:: Instructions for the task ::
Please output exactly the part of the records below that opens with the line containing "數據服務是數據中臺的能力出口" and closes with the line containing "Bài 3. Cho hai", both lines included, and nothing else.

:: Data provided ::
+ + + +
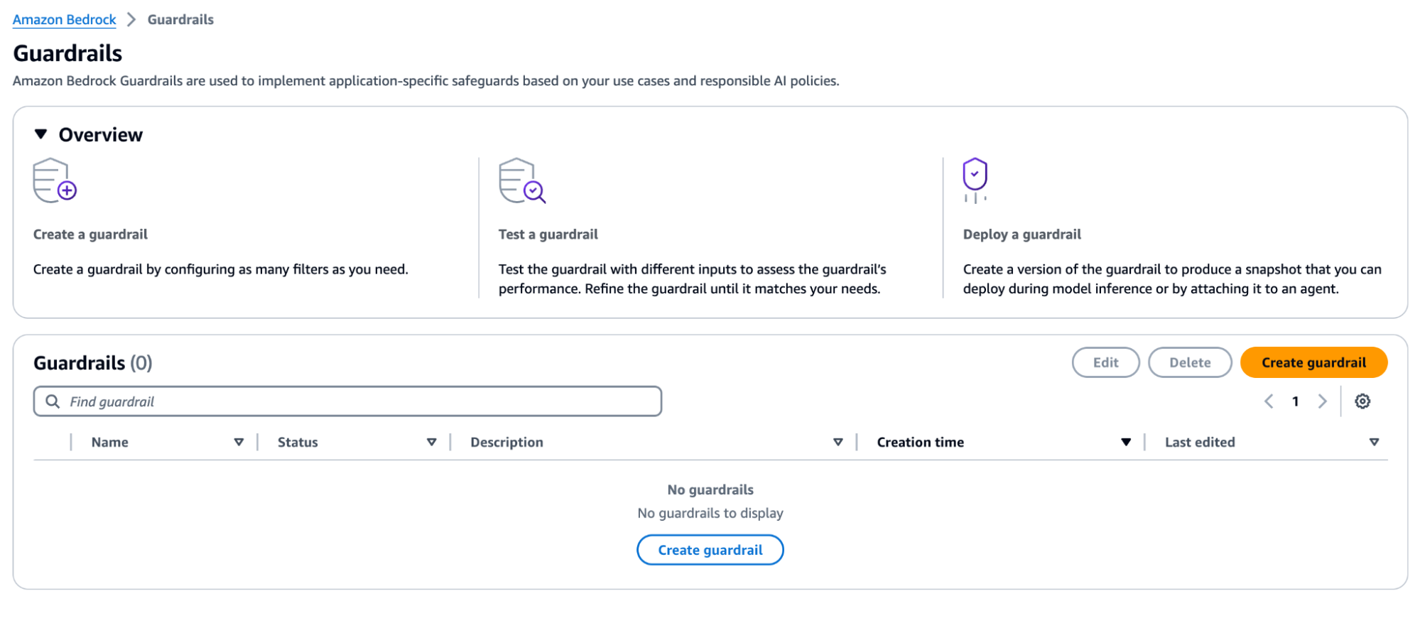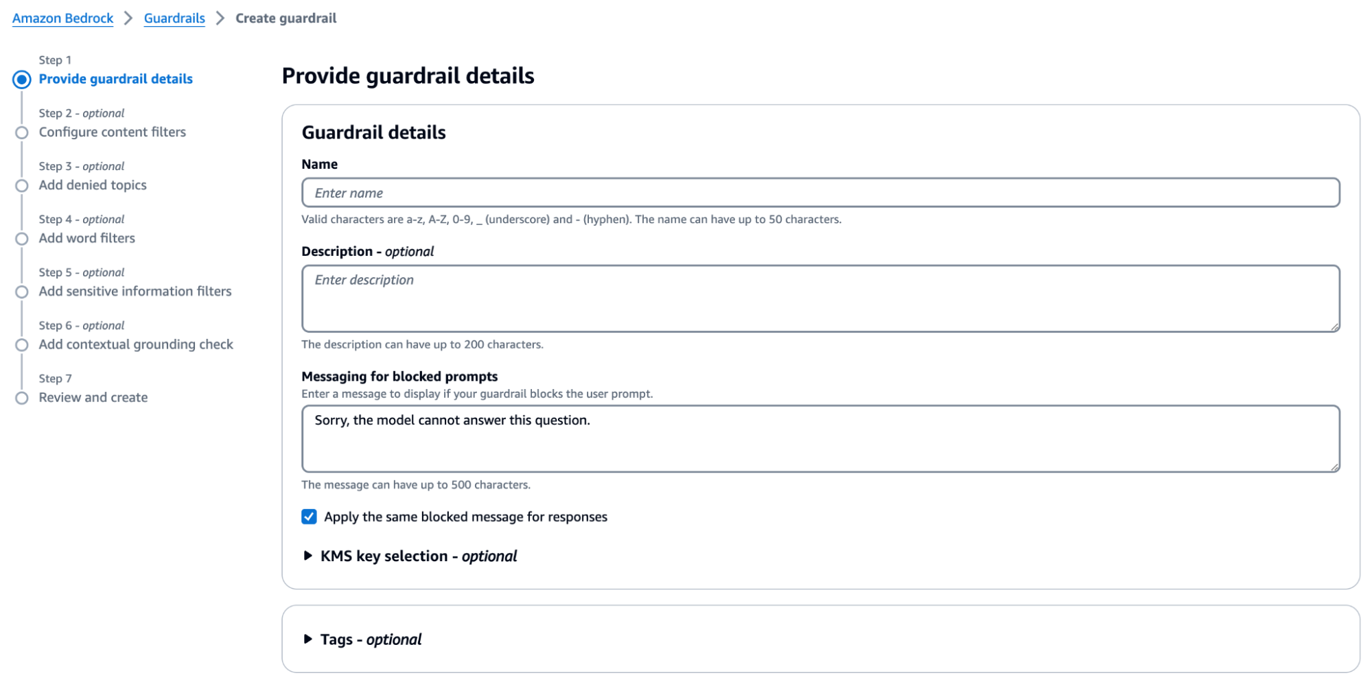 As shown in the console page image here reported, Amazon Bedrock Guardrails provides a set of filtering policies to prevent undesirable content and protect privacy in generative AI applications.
+ + + +
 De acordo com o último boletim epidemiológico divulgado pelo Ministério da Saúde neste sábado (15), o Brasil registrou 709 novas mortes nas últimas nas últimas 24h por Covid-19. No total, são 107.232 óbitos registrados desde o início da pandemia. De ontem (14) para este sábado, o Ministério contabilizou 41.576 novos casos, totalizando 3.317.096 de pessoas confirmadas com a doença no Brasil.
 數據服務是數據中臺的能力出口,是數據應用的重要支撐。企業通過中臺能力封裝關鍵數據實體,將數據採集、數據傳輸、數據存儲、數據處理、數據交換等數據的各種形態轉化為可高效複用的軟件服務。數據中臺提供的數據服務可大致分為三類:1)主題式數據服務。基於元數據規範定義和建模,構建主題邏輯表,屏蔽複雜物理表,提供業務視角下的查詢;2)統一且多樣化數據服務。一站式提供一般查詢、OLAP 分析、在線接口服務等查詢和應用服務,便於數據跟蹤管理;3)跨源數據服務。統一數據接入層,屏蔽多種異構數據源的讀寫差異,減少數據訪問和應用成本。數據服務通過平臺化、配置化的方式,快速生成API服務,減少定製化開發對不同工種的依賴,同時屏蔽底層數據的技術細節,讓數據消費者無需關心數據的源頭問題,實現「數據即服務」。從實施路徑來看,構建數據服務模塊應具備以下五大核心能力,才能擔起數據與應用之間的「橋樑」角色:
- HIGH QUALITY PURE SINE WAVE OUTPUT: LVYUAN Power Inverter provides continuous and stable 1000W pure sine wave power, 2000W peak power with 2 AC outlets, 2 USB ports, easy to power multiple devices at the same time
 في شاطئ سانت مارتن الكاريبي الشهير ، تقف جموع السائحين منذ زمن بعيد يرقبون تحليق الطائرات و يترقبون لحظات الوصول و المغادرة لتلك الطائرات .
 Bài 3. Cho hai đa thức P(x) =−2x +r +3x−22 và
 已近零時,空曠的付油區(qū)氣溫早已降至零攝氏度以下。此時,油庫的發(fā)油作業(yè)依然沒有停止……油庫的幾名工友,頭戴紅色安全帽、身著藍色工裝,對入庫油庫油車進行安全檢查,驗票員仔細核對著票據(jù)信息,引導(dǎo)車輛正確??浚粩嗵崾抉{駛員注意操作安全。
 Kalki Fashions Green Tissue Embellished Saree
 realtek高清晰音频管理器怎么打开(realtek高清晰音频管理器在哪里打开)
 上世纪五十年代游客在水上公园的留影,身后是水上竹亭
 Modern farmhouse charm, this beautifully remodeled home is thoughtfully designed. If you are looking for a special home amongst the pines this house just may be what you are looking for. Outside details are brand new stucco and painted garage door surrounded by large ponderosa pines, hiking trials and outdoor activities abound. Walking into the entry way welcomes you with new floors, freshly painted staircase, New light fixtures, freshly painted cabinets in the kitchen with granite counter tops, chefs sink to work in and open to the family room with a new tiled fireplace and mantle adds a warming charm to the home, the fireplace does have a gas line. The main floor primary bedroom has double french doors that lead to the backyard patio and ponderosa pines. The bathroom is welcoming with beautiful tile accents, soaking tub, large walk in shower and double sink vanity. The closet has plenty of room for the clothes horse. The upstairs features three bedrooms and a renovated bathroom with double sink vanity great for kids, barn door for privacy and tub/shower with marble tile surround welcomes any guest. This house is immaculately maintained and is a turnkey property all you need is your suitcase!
+ + + +
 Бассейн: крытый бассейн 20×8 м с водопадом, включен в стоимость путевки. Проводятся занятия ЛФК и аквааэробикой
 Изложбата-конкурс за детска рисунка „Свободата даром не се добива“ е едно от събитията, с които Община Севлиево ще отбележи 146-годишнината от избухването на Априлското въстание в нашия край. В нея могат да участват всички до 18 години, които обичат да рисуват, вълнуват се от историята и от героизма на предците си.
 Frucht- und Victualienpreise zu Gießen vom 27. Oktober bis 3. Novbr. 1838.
+ + + +
:: Exercise solution ::
 數據服務是數據中臺的能力出口,是數據應用的重要支撐。企業通過中臺能力封裝關鍵數據實體,將數據採集、數據傳輸、數據存儲、數據處理、數據交換等數據的各種形態轉化為可高效複用的軟件服務。數據中臺提供的數據服務可大致分為三類:1)主題式數據服務。基於元數據規範定義和建模,構建主題邏輯表,屏蔽複雜物理表,提供業務視角下的查詢;2)統一且多樣化數據服務。一站式提供一般查詢、OLAP 分析、在線接口服務等查詢和應用服務,便於數據跟蹤管理;3)跨源數據服務。統一數據接入層,屏蔽多種異構數據源的讀寫差異,減少數據訪問和應用成本。數據服務通過平臺化、配置化的方式,快速生成API服務,減少定製化開發對不同工種的依賴,同時屏蔽底層數據的技術細節,讓數據消費者無需關心數據的源頭問題,實現「數據即服務」。從實施路徑來看,構建數據服務模塊應具備以下五大核心能力,才能擔起數據與應用之間的「橋樑」角色:
- HIGH QUALITY PURE SINE WAVE OUTPUT: LVYUAN Power Inverter provides continuous and stable 1000W pure sine wave power, 2000W peak power with 2 AC outlets, 2 USB ports, easy to power multiple devices at the same time
 في شاطئ سانت مارتن الكاريبي الشهير ، تقف جموع السائحين منذ زمن بعيد يرقبون تحليق الطائرات و يترقبون لحظات الوصول و المغادرة لتلك الطائرات .
 Bài 3. Cho hai đa thức P(x) =−2x +r +3x−22 và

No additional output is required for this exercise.